# Train a deep learning model
In this notebook you will train a deep learning model to classify the descriptions of parts components as compliant or non-compliant. 

Each document in the supplied training data set is a short text description of the component as documented by an authorized technician. 
The contents include:
- Manufacture year of the component (e.g. 1985, 2010)
- Condition of the component (poor, fair, good, new)
- Materials used in the component (plastic, carbon fiber, steel, iron)

The compliance regulations dictate:
*Any component manufactured before 1995 or in fair or poor condition or made with plastic or iron is out of compliance.*

For example:
* Manufactured in 1985 made of steel in fair condition -> **Non-compliant**
* Good condition carbon fiber component manufactured in 2010 -> **Compliant**
* Steel component manufactured in 1995 in fair condition -> **Non-Compliant**

The labels present in this data are 0 for compliant, 1 for non-compliant.

The challenge with classifying text data is that deep learning models only undertand vectors (e.g., arrays of numbers) and not text. To encode the car component descriptions as vectors, we use an algorithm from Stanford called [GloVe (Global Vectors for Word Representation)](https://nlp.stanford.edu/projects/glove/). GloVe provides us pre-trained vectors that we can use to convert a string of text into a vector.

In [None]:
import logging
import os
import random
import re

from matplotlib import pyplot as plt
from matplotlib.pyplot import imshow
import numpy as np
import pandas as pd

import keras
from keras import models 
from keras import layers
from keras import optimizers

In [None]:
project_folder = './dl'
deployment_folder = './deploy'

# create project folder
if not os.path.exists(project_folder):
    os.makedirs(project_folder)

In [None]:
# this is the URL to the CSV file containing the GloVe vectors
glove_url = ('https://davewdemoblobs.blob.core.windows.net/mlops/glove.6B.100d.txt')
# this is the URL to the CSV file containing the care component descriptions
data_url = ('https://davewdemoblobs.blob.core.windows.net/mlops/components.csv')

def download_glove():
    print("Downloading GloVe embeddings...")
    import urllib.request
    urllib.request.urlretrieve(glove_url, 'glove.6B.100d.txt')
    print("Download complete.")

download_glove()


# Load the components labeled data
print("Loading components data...")
components_df = pd.read_csv(data_url)
components = components_df["text"].tolist()
labels = components_df["label"].tolist()
print("Loading components data completed.")

In [None]:
# split data 60% for trianing, 20% for validation, 20% for test
print("Splitting data...")
train, validate, test = np.split(components_df.sample(frac=1), [int(.6*len(components_df)), int(.8*len(components_df))])
print(train.shape)
print(test.shape)
print(validate.shape)

# use the Tokenizer from Keras to "learn" a vocabulary from the entire car components text
print("Tokenizing data...")
from keras.preprocessing.text import Tokenizer
from keras.preprocessing.sequence import pad_sequences
import numpy as np

maxlen = 100                                           
training_samples = 90000                                 
validation_samples = 5000    
max_words = 10000      

tokenizer = Tokenizer(num_words=max_words)
tokenizer.fit_on_texts(components)
sequences = tokenizer.texts_to_sequences(components)
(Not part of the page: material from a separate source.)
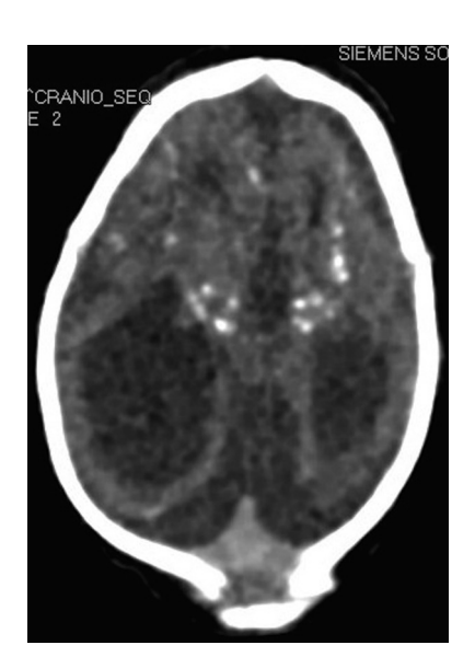
Figure 2 Axial encephalic tomography. Note the malformation of cortical development and calcifications.

Computerized tomography revealed diffuse bilateral reduction of cerebral parenchyma, ventriculomegaly, malformation of cortical development, with simplified gyral pattern and multiple cerebral calcifications predominantly in the basal ganglia and cortical-subcortical regions (Fig. 2). Capture ELISA was positive for ZIKV IgM on the cerebrospinal fluid (CSF). Polymerase chain reaction (PCR) tests for Herpes simplex in serum were negative; PCR tests for

word_index = tokenizer.word_index
print('Found %s unique tokens.' % len(word_index))

data = pad_sequences(sequences, maxlen=maxlen)

labels = np.asarray(labels)
print('Shape of data tensor:', data.shape)
print('Shape of label tensor:', labels.shape)

indices = np.arange(data.shape[0])                     
np.random.shuffle(indices)
data = data[indices]
labels = labels[indices]

x_train = data[:training_samples]
y_train = labels[:training_samples]

x_val = data[training_samples: training_samples + validation_samples]
y_val = labels[training_samples: training_samples + validation_samples]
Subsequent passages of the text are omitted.